# 36 Schwinn



## schwinnguyinohio (Feb 20, 2020)

Thought someone may be interested


----------



## KingSized HD (Feb 20, 2020)

1936 Schwinn La Salle - bicycles - by owner - bike sale
					

Real good shape, ser pic



					cincinnati.craigslist.org
				




They're showing the serial # as E43301 which, I think, would make it a 1940.  But if this is original paint the fireball/ramshead wasn't out until 1941 I believe.
Anyway, it's a really good price for an equipped, prewar Schwinn. **

**Assuming it's a 26" frame.


----------



## barneyguey (Feb 20, 2020)

KingSized HD said:


> 1936 Schwinn La Salle - bicycles - by owner - bike sale
> 
> 
> Real good shape, ser pic
> ...



 The fireball/ramshead paint scheme was used on 1940 models also. Barry


----------



## Krakatoa (Feb 20, 2020)

Something about that tank seems off...


----------



## GTs58 (Feb 20, 2020)

Krakatoa said:


> Something about that tank seems off...



 Kinda looks like this piece had an earlier repaint.


----------



## 1motime (Feb 20, 2020)

GTs58 said:


> Kinda looks like this piece had an earlier repaint.



That is not original paint.


----------



## Krakatoa (Feb 20, 2020)

Obviously the paint is not right.
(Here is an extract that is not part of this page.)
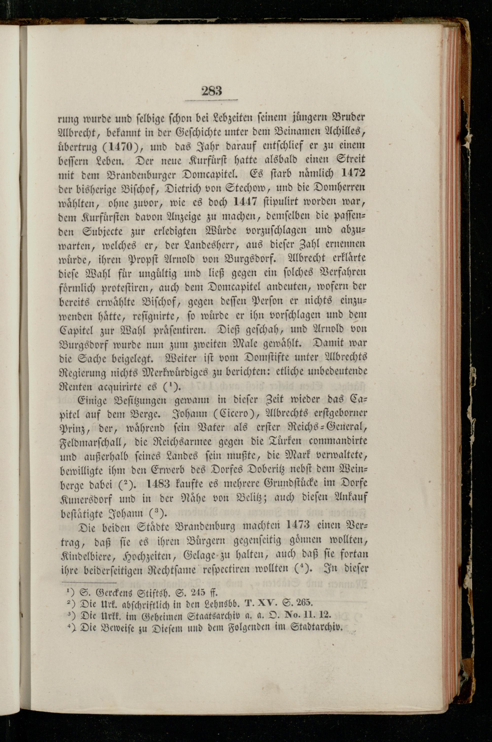 Albrecht, bekannt in der Geſchichte unter dem Beinamen Achilles, übertrug(1470), und das Jahr darauf entſchlief er zu einem beſſern Leben. Der neue Kurfuͤrſt hatte alsbald einen Streit mit dem Brandenburger Domcapitel. Es ſtarb nämlich 1472 der bisherige Biſchof, Dietrich von Stechow, und die Domherren waͤhlten, ohne zuvor, wie es doch 1447 ſtipulirt worden war, dem Kurfuͤrſten davon Anzeige zu machen, demſelben die paffenz den Subjecte zur erledigten Würde vorzuſchlagen und abzu— warten, welches er, der Landesherr, aus dieſer Zahl ernennen wuͤrde, ihren Propſt Arnold von Burgsdorf. Albrecht erklaͤrte dieſe Wahl fuͤr unguͤltig und ließ gegen ein ſolches Verfahren förmlich proteſtiren, auch dem Domcapitel andeuten, wofern der bereits erwaͤhlte Biſchof, gegen d deſſen Perſon er nichts einzu— wenden hätte, reſignirte, fo würde er ihn vorſchlagen und dem Capitel zur Wahl praͤſentiren. Dieß geſchah, und Arnold von Burgsdorf wurde nun zum zweiten Male gewählt, Damit war die Sache beigelegt. Weiter iſt vom Domſtifte unter Albrechts Regierung nichts Merkwuͤrdiges zu berichten: etliche unbedeutende Renten acquirirte es(1).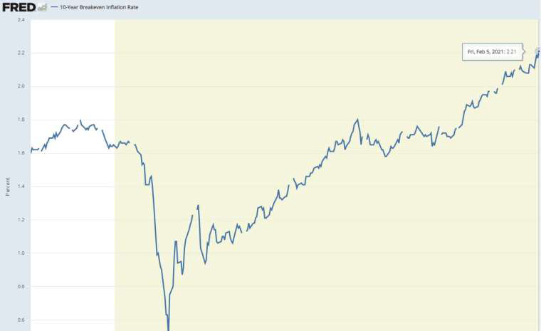 5日,10年期美债平衡通货膨胀率已达到2.21%,是2018年中以来的最高水平。平衡通货膨胀率,是国债与抗通货膨胀债券(TIPS) 的利率差,是市场预期通货膨胀率的重要指标。

I'm talking about the shape of the tank.


----------



## bobcycles (Feb 20, 2020)

that is no DX tank....franken bike with some Ok parts....
price is not too outrageous for what is there.


----------



## Kato (Feb 21, 2020)

Boy I'm glad I check here all the time...........was thinking about checking it out but I thought stuff just looked wrong also.


----------



## Kato (Feb 25, 2020)

Bike is sold.............buyer from Mincie, IN


----------